Три года в солдатах

Виктор Андрусов
         Мой  1946-й  год  рождения  в некотором   смысле  невезучий.  По закону мне  пришлось служить в  армии  целых  ТРИ  года,  а не  ДВА, как  это  посчастливилось   следующим поколениям призывников.  Кстати,  на  флоте тогда  парни служили  даже   ЧЕТЫРЕ  года.    Ничего  страшного как с  ними, так и  и  с  нами не случалось.  Выдерживали.  Из  хлипких   юношей   превращались  в  крепких   мужчин,   закалённых  физически  и   морально.       
         
         В  ворота  учебной  ракетной части  42710  в числе призывников со средним техническим образованием, специально отобранных в Новочеркасском городском военкомате,   я  вошёл в начале октября  1965 года.  Командиры  по-доброму встретили нас, обмыли  в  бане,  подстригли  «под ноль», переодели в  обмундирование  «хаки»  1943  года  выпуска  (не вру, об этом свидетельствовал чёрный штамп  на внутренней стороне  гимнастёрок, снятых, видимо, с долговременного хранения на складе).  Этот  факт вызвал у всех истинную гордость, ведь  в таком же  обмундировании наши отцы  героически сражались  на фронтах  Великой Отечественной войны.
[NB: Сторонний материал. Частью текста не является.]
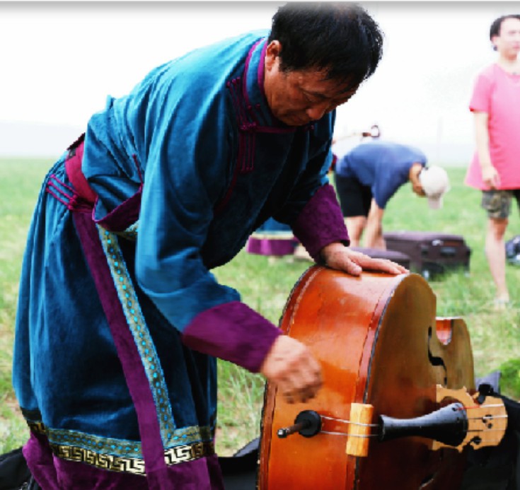 烏力吉圖在整理樂器 新華網 李倩攝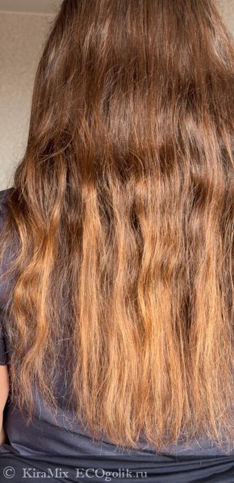 Нежная, равномерно впитывающаяся текстура обволакивает каждый волосок и разглаживает их уже в ванной в мокром состоянии. Мои волосы после неё выглядят как после салонного ухода. Полотно волос гладкое, блестящее! Они живые, на ощупь шелковистые и словно играют в лучах солнца. Хорошо и отчётливо виден "рисунок" окрашивания. Даже кончики выглядят достойно, нет сухости, они как-будто запаянные. Волосы легко расчёсываются, не пушатся и не электризуются.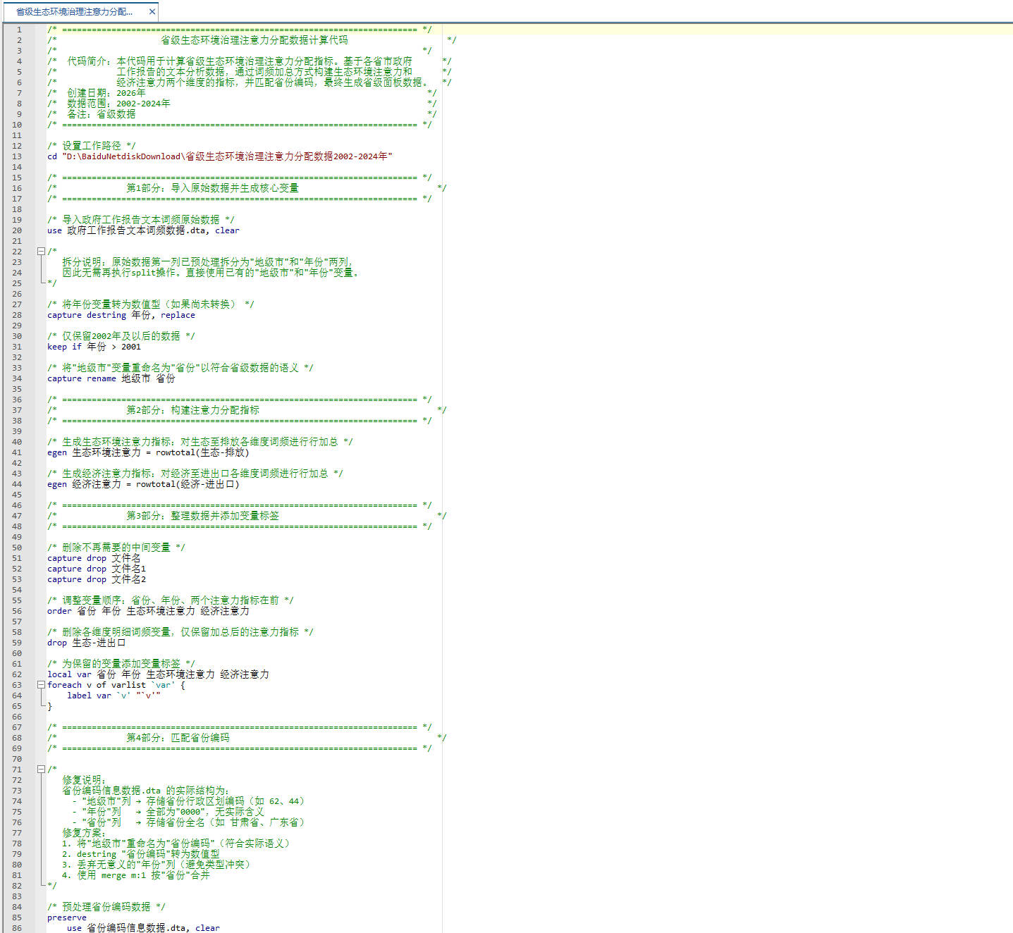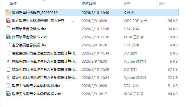 - 文件夹内附参考论文PDF:《地方政府生态环境治理注意力研究——基于30个省市政府工作报告(2006—2015)文本分析》

Вот так,  с  первых  минут  нахождения  в  армии,   нас, новобранцев,   воспитывали  в  духе  патриотизма.
         
         Началась  самая  суровая   и   трудная  пора  армейской  службы, мы проходили, так называемый,   курс  молодого  бойца.    Длился  он  до самой  присяги.  Вот тогда  мы  почувствовали  себя,  не  буду  этого  скрывать, отчасти  бесправными.  Нас угнетал особенно  строжайший распорядок  дня:  подъём в 6.00. , интенсивная физзарядка с бегом с горы, к вокзалу, и обратно в гору, умывание и растирание только холодной водой, спешный  завтрак (не уложился в отведённое время -  прекращай еду, выходи строиться)  и прочее, прочее. . .  Всё делалось по командам  борзого  и  рыкающего  постоянно  заместителя   командира   учебного  взвода  сержанта  Владимира  Буйнова.  Он не допускал  пререканий, не прощал оплошностей,  осыпал нас нарядами вне очереди,  короче  говоря,  измывался  над  нами,   как  хотел,  повторяя   часто:  « Я   выбью   из   вас  дурь,  салаги…». 
         
         Любимой  фишкой  замкомвзвода  была   тренировка  «Отбой!»  -  «Подъём!». При этом сержант добавлял:  «Даю  30 секунд»  и  смотрел на циферблат  наручных часов.  Раз  десять  подавал  эти издевательские  команды,  доводя  нас   до  изнеможения,   полного упадка сил.  По этой причине однажды   я  получил  от  него  взыскание.  Дело было так.
         
         После  напряжённых, до седьмого пота, строевых занятий  на  продуваемом  всеми ветрами   плаце   я   простыл.  К вечеру  мне стало совсем  плохо  -   болела   голова,  жар чувствовался во  всём  теле.   И  когда  сержант  Буйнов  перед  сном  устроил  с  нами   муштру «Отбой!»  - «Подъём!»,  на  третьем  сеансе  не  выдержал, и чтоб не упасть,  присел  на  табурет. . . 
         
         -  Наглец рядовой Андрусов,   я не  понял. . .  Моя команда вас не касается?!  -  возмутился   сержант,  выпучив  глаза.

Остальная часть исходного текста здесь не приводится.